START Material for this task

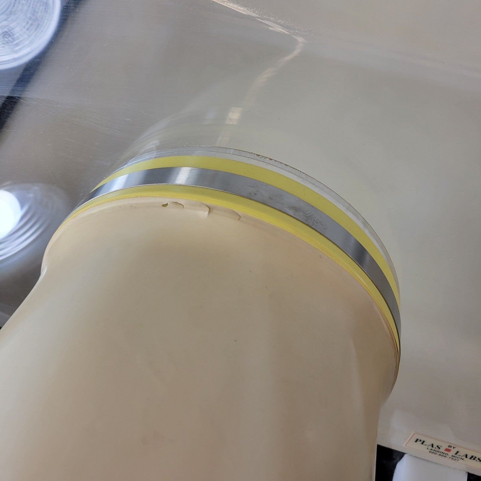 Used see photos. Tested holds okay pressure but has some small tears in the rubber where the gloves attach around the flange. May need new gloves, or the gloves can be taped and it will hold pressure just fine again. In the first photo we connected our in-house nitrogen to test it and it performed well.
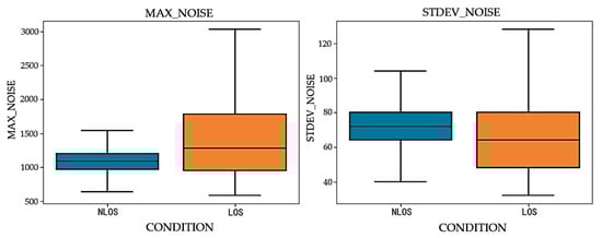 Based on the data collected under different visibility conditions, the distribution of maximum noise and noise standard deviation is plotted, as shown in Figure 7. From the box plot, it can be observed that in both non-line-of-sight (NLOS) and line-of-sight (LOS) environments, the parameters of maximum noise and noise standard deviation exhibit a high degree of similarity.
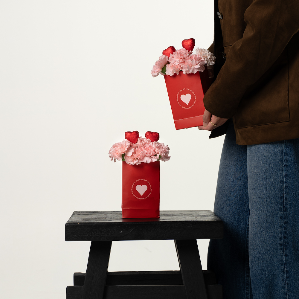 باقة صغية تحتوي على الكارنيشن مع الشوكولاتة البلجيكية.
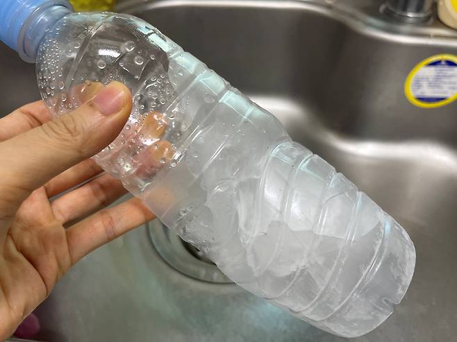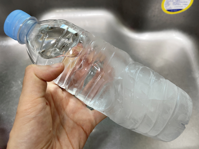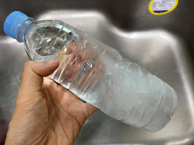 생수병 기울여서 얼리기
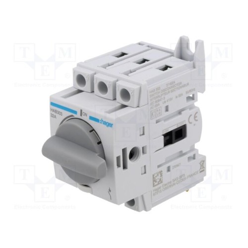 HAGER HAB303 | Ізоляційний вимикач; Полюси: 3; на шину DIN; 32А; 415ВAC; IP20
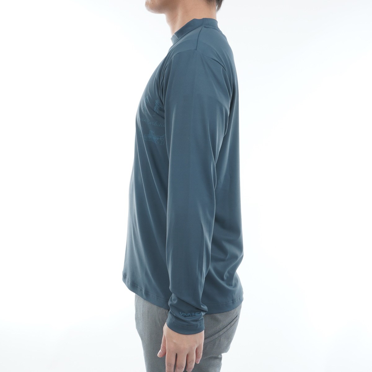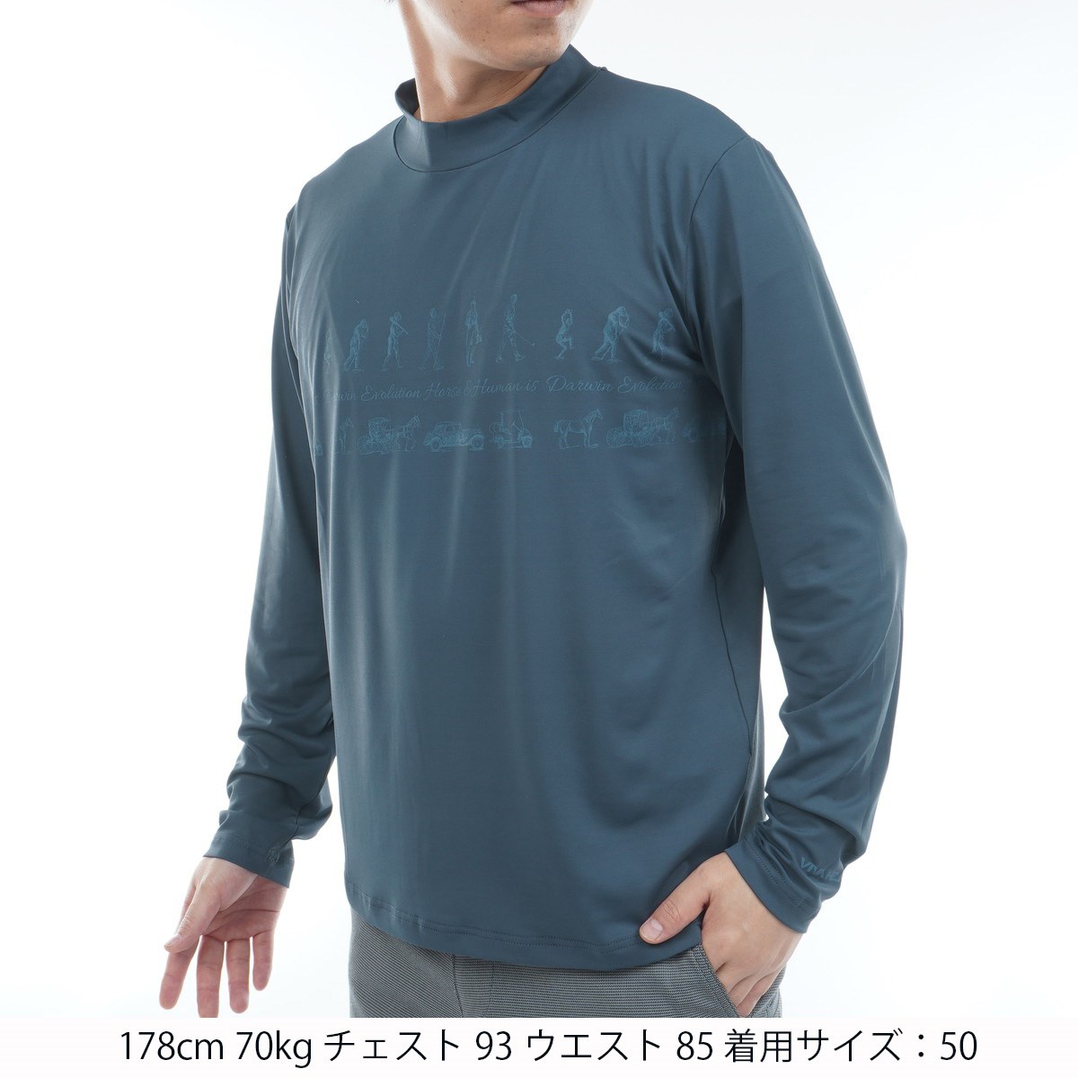 ビバハート VIVA HEART ストレッチ ダーウィン&ホース プリントモックネック長袖シャツ 48 ブルー 095
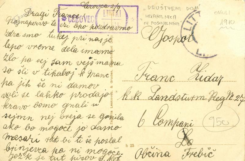 Naslovna stran je razdeljena na dva dela. Na desni strani je napisan naslovnik Franc Zidar, v Občini Trebič. Na levi strani je besedilo sporočila, ki se konča na sprednji strani. Žig odposlanega kraja je Littai, ki je delno poškodovan. Znamka je odstranjena. Ohranjen je žig pravokotne modre barve, besedilo Cerovec Littai-Litija.

END Material for this task

» What to work on
Could you output exactly the lines above, from the line with "생수병 기울여서 얼리기" up to and including the line with "ビバハート VIVA HEART", and nothing else, skipping the pictures?

» Answer space
 생수병 기울여서 얼리기
 HAGER HAB303 | Ізоляційний вимикач; Полюси: 3; на шину DIN; 32А; 415ВAC; IP20
 ビバハート VIVA HEART ストレッチ ダーウィン&ホース プリントモックネック長袖シャツ 48 ブルー 095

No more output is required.